Matt Chambers, The Australian
Mr Clifford says that Qantas is already straining under the cost of $US100-a-barrel oil prices.
He also said the unions were lacking leadership and attributed a recent increase in industrial disputes across the business sector and a drop off in focus on productivity partly to the federal government's Fair Work laws.
"With the sort of things they are trying to do get up, I guarantee there will be fewer jobs," Mr Clifford told The Australian as Qantas remained locked in an industrial relations brawl that threatened to lead to strikes after the Easter weekend.
"Union leaders have been emboldened by the recent legislation.
"There is very little focus on productivity and we seem to have lost the enterprise focus of the last 15 years or so."
It is the first time Mr Clifford, who as head of Rio Tinto successfully stared down unions at the company's iron ore and coal mines, has weighed in on the latest Qantas trouble.
Qantas engineers and pilots have already threatened to strike if claims, including job security guarantees, are not met, while the Transport Workers Association, which represents 9000 other Qantas workers, is also threatening action.
The TWU wants the airline to agree to job security clauses under which any contract struck by the airline would equal the pay and conditions of the union agreement.
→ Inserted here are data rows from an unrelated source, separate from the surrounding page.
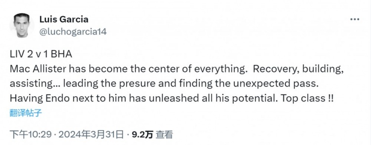 4月2日讯 在英超第30轮比赛中,麦卡利斯特助攻萨拉赫破门,帮助利物浦主场2-1击败布莱顿,前利物浦球星路易斯-加西亚在社交媒体上称赞了这位阿根廷中场的表现。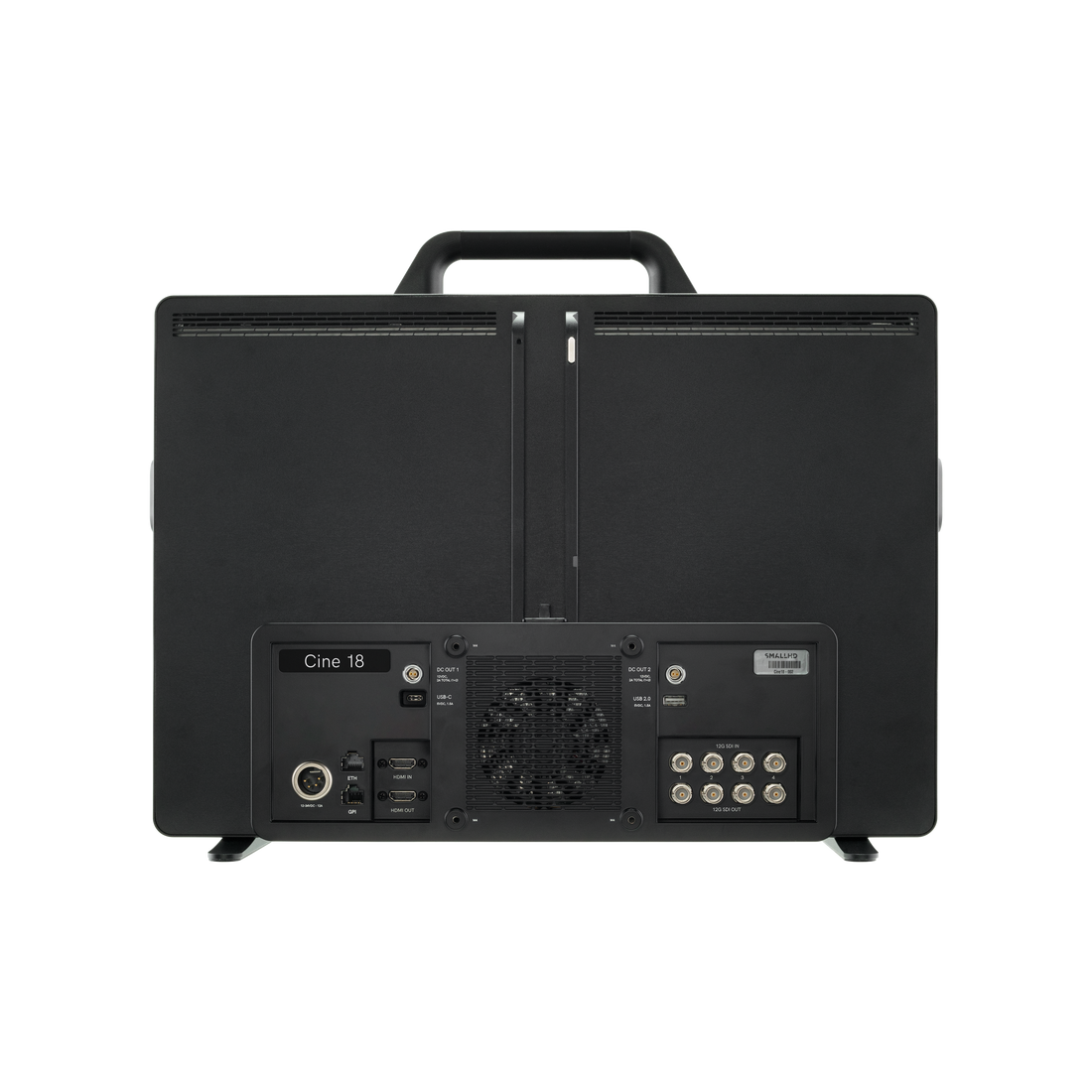 The Cine 18 features four 12G-SDI inputs and outputs, along with a single HDMI 2.0 input. The Unibody Smart Chassis includes a VESA mounting pattern and two 2-pin accessory power outputs. Hot-swappable dual battery inputs allow compatibility with Gold Mount or V-Mount battery plate attachments.
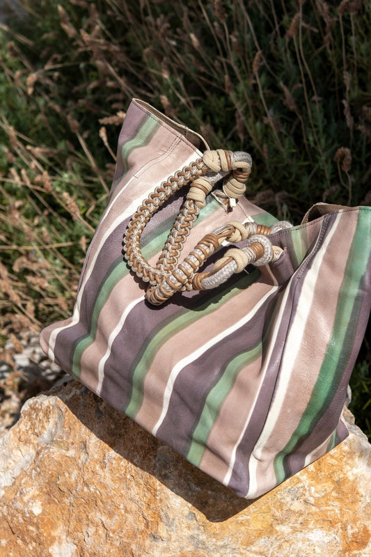 Bag - Medium Bag Leather With Hand Painted Lines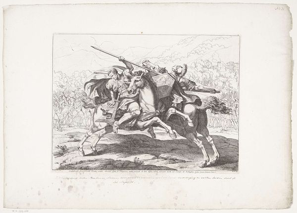 Curator: Here we have “Ruiters en voetknechten,” or “Horsemen and Foot Soldiers,” a woodcut and engraving crafted in 1537 by the Northern Renaissance artist, Hans Schäufelein. Editor: What immediately strikes me is the intensity of detail, a symphony of textures created by intricate lines. It almost feels sculptural despite being a two-dimensional print. Curator: Indeed, Schäufelein was operating in a period of significant shifts in the representation of power. This work, likely commissioned, showcases a regimented military display. Notice the symbolic adornments, the emblems of power woven into their garments and weaponry. This wasn't just about documenting; it was about projecting authority and order during a time of considerable social upheaval with the Reformation brewing. Editor: The composition itself reinforces that sense of order. The figures are stacked, yet distinct, their gazes carefully arranged. I’m particularly drawn to the tonal range achieved with such a limited palette—the deep blacks offering a dramatic contrast against the stark white of the paper, creating a real dynamism. Curator: The choice of woodcut and engraving is interesting too, offering both accessibility, allowing for reproduction and widespread distribution, and allowing an impressive level of fine detail, which we see clearly in their attire and equipment. This also reflects on a more general trend to spread ideals during the religious reformation in Germany and to spread more personal art to people of different classes. Editor: Look at the almost playful treatment of light! The subtle gradations lend volume and weight to these figures. See, for instance, the texture and implied shape in the rounded caps and hats. I find these small touches to be remarkable. Curator: It speaks volumes about the patronage system of the time, doesn’t it? Commissioned art became a method for political positioning and legacy making. Schäufelein had clearly mastered capturing the nuanced needs of his patrons. Editor: Ultimately, I’m left impressed by Schäufelein's mastery. The line work, the composition... everything feels incredibly deliberate and effective. Curator: And for me, the print serves as a fascinating snapshot of its historical moment, reflecting both artistic skill and political aspirations.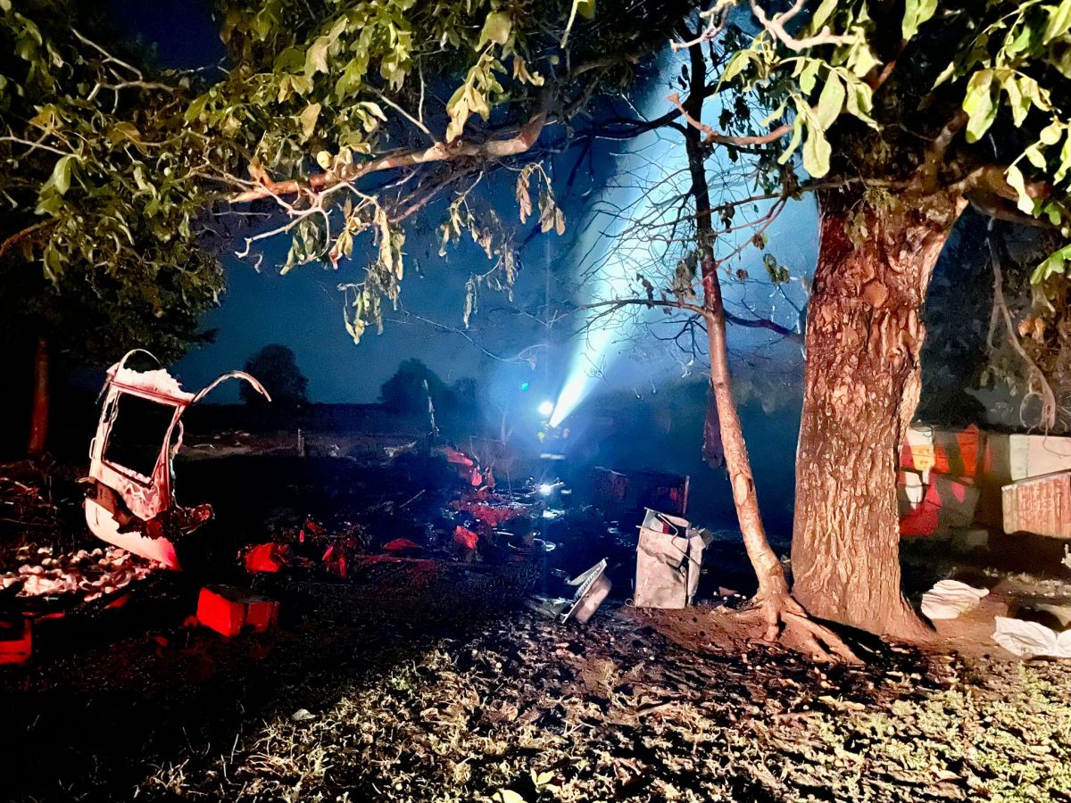 Flăcările au cuprins întreg ansamblul și exista posibilitatea să se extindă la arborii din imediata vecinătate.

It says this will remove the incentive to contract out work.
Mr Clifford asked "what planet" union leadership was on, and pointed at surging oil prices and increased competition as obvious indicators the airline was working in a tough environment.
"I hope we will see some common sense prevail," Mr Clifford said, adding that there was probably a lack of leadership and evidence of inexperience in the top ranks of the unions.
He said the calls for job security made no sense since the measures being asked for would result in lost jobs because of the effects they would have on the airline.
Mr Clifford also dismissed industry rumours that he was unhappy with the tack chief executive Alan Joyce had been taking on the issue.
"Alan Joyce and I are on the same page, we are in lock step," Mr Clifford said.
Mr Joyce has accused the unions of running a "kamikaze" campaign that was likely to drive customers to competing airlines.
Investment bank CLSA says the number of workplaces conducting votes on strikes has surged in the past year.
Its research shows there are 16 listed companies with industrial relations issues that have been simmering this quarter.
Under the legislation, employees have voted for the right to strike at Adelaide Brighton, BHP Billiton's Mt Arthur Coal operation, Boom Logistics, Coca-Cola Amatil, Downer EDI's rail unit, GWA Bathrooms and Kitchens, Transfield and UGL.
Workers at Monadelphous, QR National and Salmat have been given the right to vote on strike action, while Lend Lease, Mirvac, UGL and Wesfarmers' Coles unit are attempting to stop industrial action taking place through court orders, CLSA says.